Via Sarvodaya.org comes the news that activist Dr. A.T. (Ahangamage Tudor) Ariyaratne, founder of the socially engaged Sarvodaya Shramadana Movement — “Sri Lanka’s most broadly embedded community-based development organization,” dedicated to “the awakening of all” — and a major inspiration for engaged Buddhists worldwide, has died. He was 92.
Born November 5, 1931, in the Galle District of Ceylon, Ariyaratne was, as the Sarvodaya website puts it:
A former high school teacher at Nalanda College, he conducted the first Shramadana work camp in 1958, which eventually led to the establishment of the largest people’s movement in the country. He [was] the father of six distinguished adult children and has led tens of thousands of “family gatherings” and meditations with millions of people throughout Sri Lanka and other parts of the world.
Ariyaratne’s work also incorporated Buddhist concepts and what he called “Buddhist Economics” to address societal and individual suffering in a holistic way.

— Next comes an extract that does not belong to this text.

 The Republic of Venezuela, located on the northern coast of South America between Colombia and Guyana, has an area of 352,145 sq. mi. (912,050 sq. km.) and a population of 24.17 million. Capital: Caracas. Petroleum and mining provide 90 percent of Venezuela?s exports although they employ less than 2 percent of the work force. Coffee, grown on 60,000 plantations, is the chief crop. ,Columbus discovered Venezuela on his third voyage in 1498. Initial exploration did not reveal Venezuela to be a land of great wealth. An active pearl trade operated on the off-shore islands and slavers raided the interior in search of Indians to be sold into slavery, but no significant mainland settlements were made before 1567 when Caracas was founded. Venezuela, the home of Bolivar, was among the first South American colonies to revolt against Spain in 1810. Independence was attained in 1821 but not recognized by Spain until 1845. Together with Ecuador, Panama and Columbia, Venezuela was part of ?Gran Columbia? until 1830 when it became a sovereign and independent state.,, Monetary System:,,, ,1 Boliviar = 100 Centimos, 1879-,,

About Ariyaratne, Buddhist teacher and climate activist Joanna Macy has said:
“In this voluble, diminutive dynamo I found a scholar-activist who took the social teachings of the Buddha seriously and dared to believe that they could inspire change in the modern world. He had banked his life on that conviction, drawing from ancient traditions to empower what he called “the poorest of the poor.”
In a memorial tribute to Ariyaratne, Ven. Bhikkhu Bodhi, the founder and chair of Buddhist Global Relief (BGR), credited Ariyaratne’s example as the inspiration for founding BGR, which works to fight chronic hunger and malnutrition. He writes:
“In several ways, Dr. Ariyaratne’s example was the inspiration behind the organization that I formed along with some of my Dharma friends in 2008, Buddhist Global Relief. Sarvodaya Women’s Movement, a branch of Sarvodaya Shramadana, was one of the first organizations that BGR partnered with on a project to improve women’s livelihoods. Last year, we supported a Sarvodaya project that provides food relief to poor communities in Sri Lanka, a critical need as the country has been facing extraordinarily widespread hunger.
Ari’s soft and gentle personality inspired countless people, both in Sri Lanka and around the world, and the impact he had on many of us will no doubt remain with us throughout our lives. While he will no longer be dwelling bodily in our midst, we can hope his spirit, his insights, and his example of love and compassion in action will continue to spread, promoting the emergence of the kind of loving and mutually supportive global order he aspired to create through his life and work.”
Sarvodaya states that Ariyaratne’s remains will lie at its headquarters in Moratuwa until Saturday, April 20th, at which time a funeral procession and then final religious rites and cremation will take place.